幸福も人の命も有限である。

父がホスピスに入院しているので、月一回くらい会いに行っている。昨年は家で母と弟が介護していたのだが、限界が来たので今年の初めからホスピスに移った。

父がかなり弱くなったということは母から電話で聞いていた。介護中の惨状は母の電話の声でも感じていたけれど、実際会ってみた時は流石に私も胸の中心がギュッと地の底に引っ張られるようだった。
父の目が埴輪みたいに小さくなって、手足は骨と皮だけになって、私が知っていた父とは程遠い姿になっていた。悲しみに飲まれる前に、「お父さん、智美だよ」というと、父の目は輝きだし、昔の表情を取り戻していった。

父はアートの話が好きで、私の今までの成果物を見せると興味深く見ては「これ面白いな」「これいいな」と論評する。姿は変わっても、やっぱり昔のお父さんだと安心する。

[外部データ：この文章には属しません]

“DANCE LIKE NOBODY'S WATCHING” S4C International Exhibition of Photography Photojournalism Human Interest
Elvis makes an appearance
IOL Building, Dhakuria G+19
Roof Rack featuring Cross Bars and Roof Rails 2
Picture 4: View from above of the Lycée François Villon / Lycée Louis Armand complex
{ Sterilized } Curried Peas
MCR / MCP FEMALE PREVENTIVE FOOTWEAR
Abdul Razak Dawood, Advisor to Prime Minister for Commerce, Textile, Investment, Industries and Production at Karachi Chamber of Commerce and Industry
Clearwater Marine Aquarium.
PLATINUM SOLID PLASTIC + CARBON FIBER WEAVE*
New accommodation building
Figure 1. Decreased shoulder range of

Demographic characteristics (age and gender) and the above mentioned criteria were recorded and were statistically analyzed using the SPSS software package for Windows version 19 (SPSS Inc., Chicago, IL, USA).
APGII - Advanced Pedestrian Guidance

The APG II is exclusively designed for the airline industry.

実家にいた時の父は、リビングのソファに座ったまま喋らない人だった。時々母はイライラして小言を言ったり世話を焼いていたので、家の中はあまり落ち着かなかった。
今父は家族から離れて、病院のベッドに寝たきりだ。「ここはあまりおもしろくないんだ」と言っていたけど、昔と違って無邪気に笑ったり、ジョークを言ったり、アートに好奇心を持って得意げに論評したり、まるで少年のようで、今の方が人間らしい。

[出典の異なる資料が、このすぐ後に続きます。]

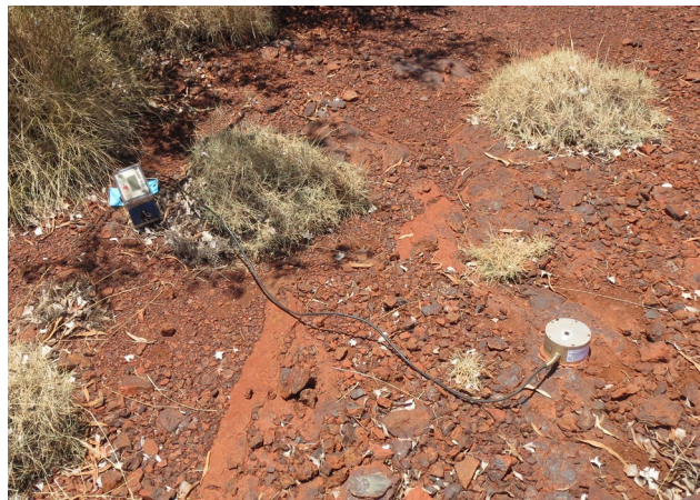
A geophone glued to rock mass, ready to capture blast vibration data

Ground vibrations are generated from blasting buried explosives, and these travel through the ground in much the same way that sound travels through air. There are several types of waves generated (e.g. compressive, shear and surface waves), and the sum of these waves can be detected and measured using geophones, accelerometers or other sensors with appropriate data acquisition equipment.

結婚してからの私は、実家から自立しようと必死だった。自分で決断し行動して、揺るがない自分の芯を築こうとしていたけれど、私の挑戦や危機の場面で、ぶつかりながらも見守ってくれた父と母の姿がいつもあった。静かにアドバイスする父と、叱咤激励する母。個展をする時も手術をする時も、父と母が一緒に来ることはあまりなかったけど、父も母も、それぞれのやり方で精一杯私を応援してくれていた。

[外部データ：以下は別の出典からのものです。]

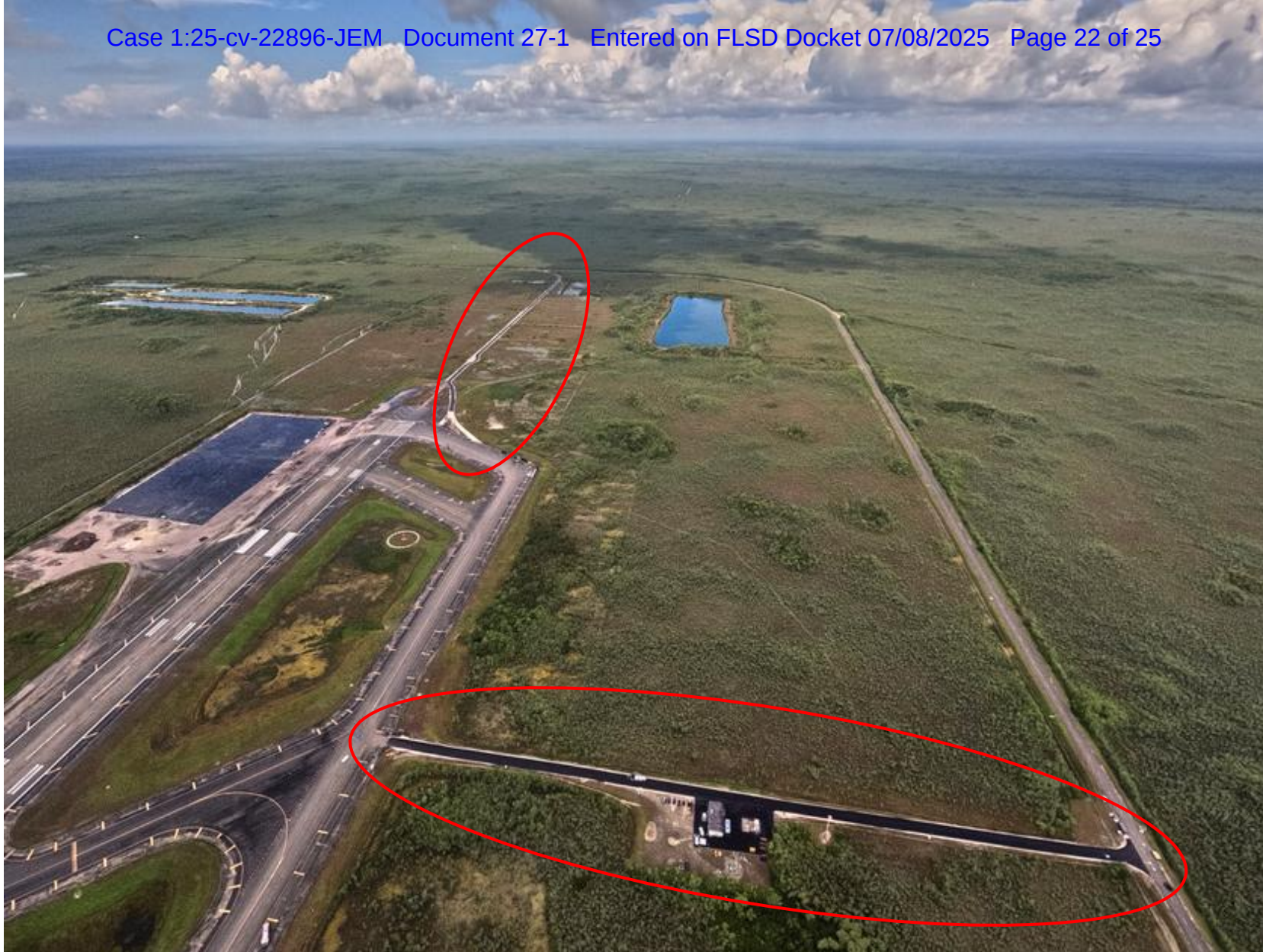
Detail of Photo 11, Looking W. Two areas of new road and asphaltting.

その日々が、もう来ないと思うと悲しい。気軽に甘えていた日々が、今はとても貴重で尊い宝物だ。あの時をもっと感謝を持って過ごせたらどうだっただろう、とも思ったけど、それはそれで、私と家族にとって必要な日々だったのかもしれない。




ここ半年は、父の病気、夫の交通事故など、身内の死に直面するような場面があり、当たり前にあった幸福や人の命が有限であることを実感した。私の人生も折り返し地点を過ぎ、死というものが現実味を帯びてくると、これから何をすべきなのか、必要なこと、もの、人が自然に整理されていく。

時代は今も刻々と動き、コミュニティやビジネスモデルを左右する新しい兆しは、リアルタイムに提示されている。私にとって、生きていくのに一番必要なものは、お金でも健康でもなく、好奇心だ。それがあれば、新しことにも挑戦していけるし、モチベーションも体力も一緒に引き上げられていくと思う。
最後の瞬間を私はどのように迎えるのだろう。死から逆算すると、やるべきことが見えてくる。